A similar project was developed by Paul Granjon. He also tries to gift robots with animal behaviour. In the video below, robots are sexed, i.e. they are able to locate robots of the opposite sex and eventually end up in coitus. Another Paul's robot (the Smartbot, photo) creeps over the restricted space and always grumbles (just like Marvin!). I also enjoy the way Paul speaks:

The real idol in the sci-art community is Stelarc (see also his homepage, although it takes balls to get through the welcome page :). His talent is recognized by both scientists and artists (it is enough to mention he's an Honorary Professor of Arts and Robotics at Carnegie Mellon). He's best known for his experiments on his own body. For example, during a performance he allowed to control his body remotely over the Internet by muscle stimulation. Probably his favourite project is Prosthetic Head, which is in fact a 3D model of his own head. The head is learned from Stelarc's behaviour and speech, so it is able to communicate with people using colloquial information as well as non-verbal cues. It is interesting to try it in practice, but here is just a non-interactive demo video:

Stelarc is probably the only person on Earth who has three ears. In 2007 surgeons implanted an ear into his arm! It is not functioning now (just a piece of skin), but he plans to install an audio receiver into the ear and broadcast everything he hears over the Internet. I definitely recommend to look through his projects, there are decent ones.

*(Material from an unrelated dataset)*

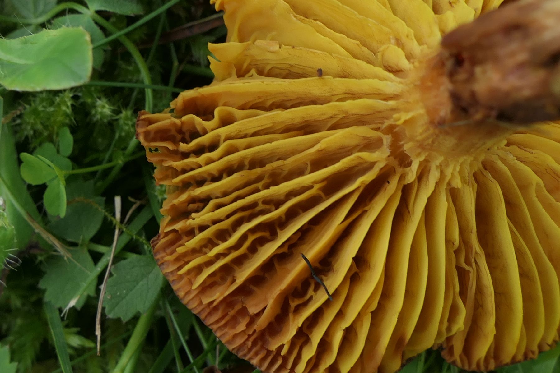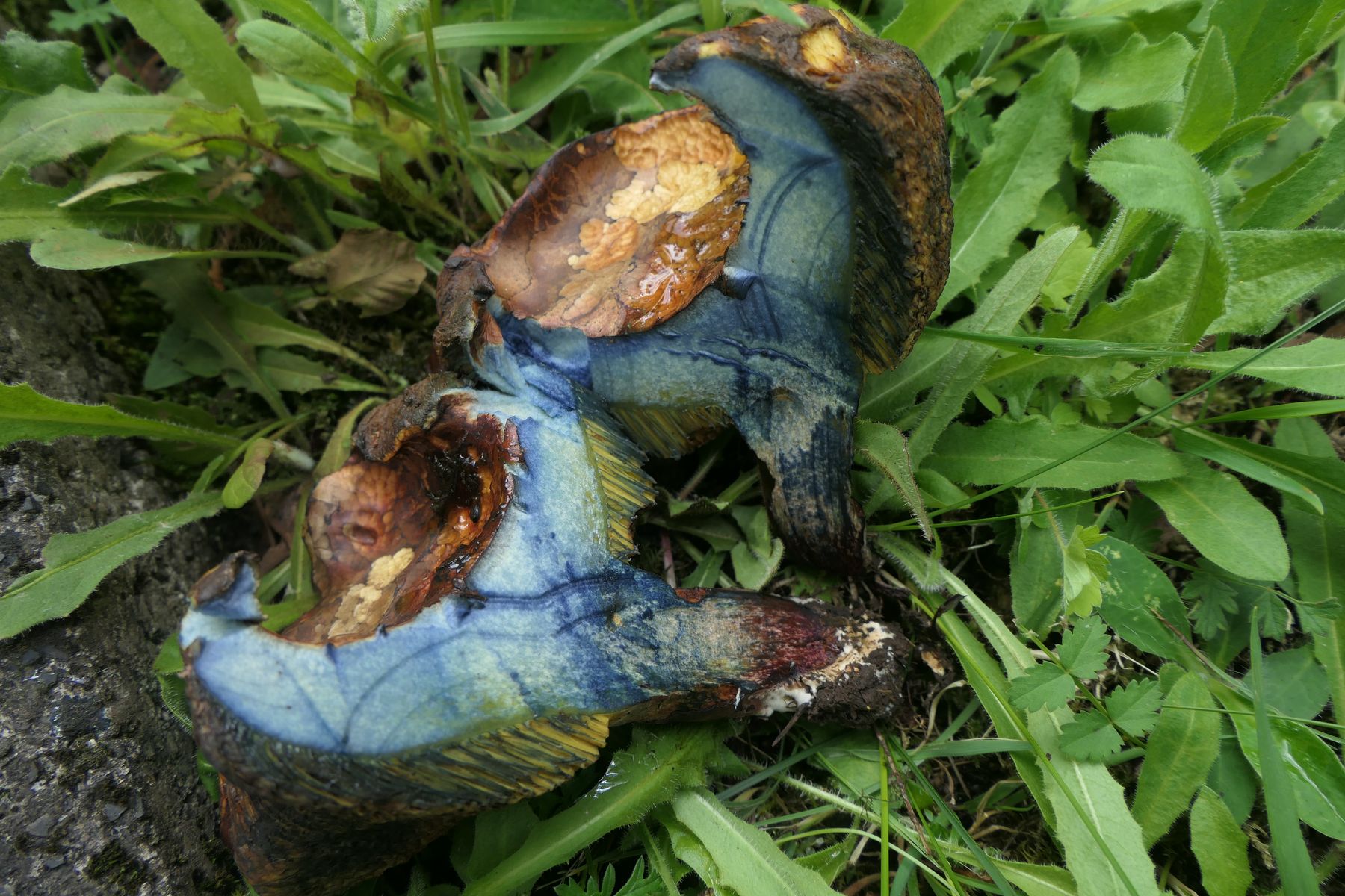 Erstaunlich ist das extrem frühe Vorkommen einiger Arten bereits jetzt im Mai. So ist für den Schwarzblauenden und für das Goldblatt in der Literatur (z.B. Gminder, Karasch) ab Juli angegeben. Da setzt sich ein Trend fort in diesem Jahr, extrem frühe und kurze Erscheinungszeiten der Pilze nach meinen Beobachtungen.

Asya also presented her own works. She focus on different photographic techniques such as overexposure. Here are photos from her project Canvas of the Road compiled in a video. There is a play of words in Russian: the single word for canvas and road surface. On these photos car traces look like painter's strokes:

Another Asya's project is a short film series called Habitat. She showed only one episode with the title Habitat: MSU Main Building. The film was about a girl who is a PhD student in Moscow State University and described her place: a standard 8 sq.m. dorm room. The narrative was full of expressive epithets and metaphors about that awful room: the girl felt like in a cage, she also didn't like shared bathroom, etc. It's funny, because I live in a similar PhD student single room, and I'm quite happy with it, since I've been living 5 years in a shared room before. :)

The second lecturer, Vladimir Vishnyakov, presented his project called The Museum of Revived Photography. He used the photos of the XIX century to create image-based animation. The idea is technically simple: first segment people from the background, then use inpainting techniques to restore the background behind them, and animate the movements, but Vladimir referred to a programmer he works with as a real genius. In fact, all the stuff I post here varies from easy to moderately complex (except of Stelarc's projects), so you can do something similar too. The main problem is to come up with the concept. Come on then! ;)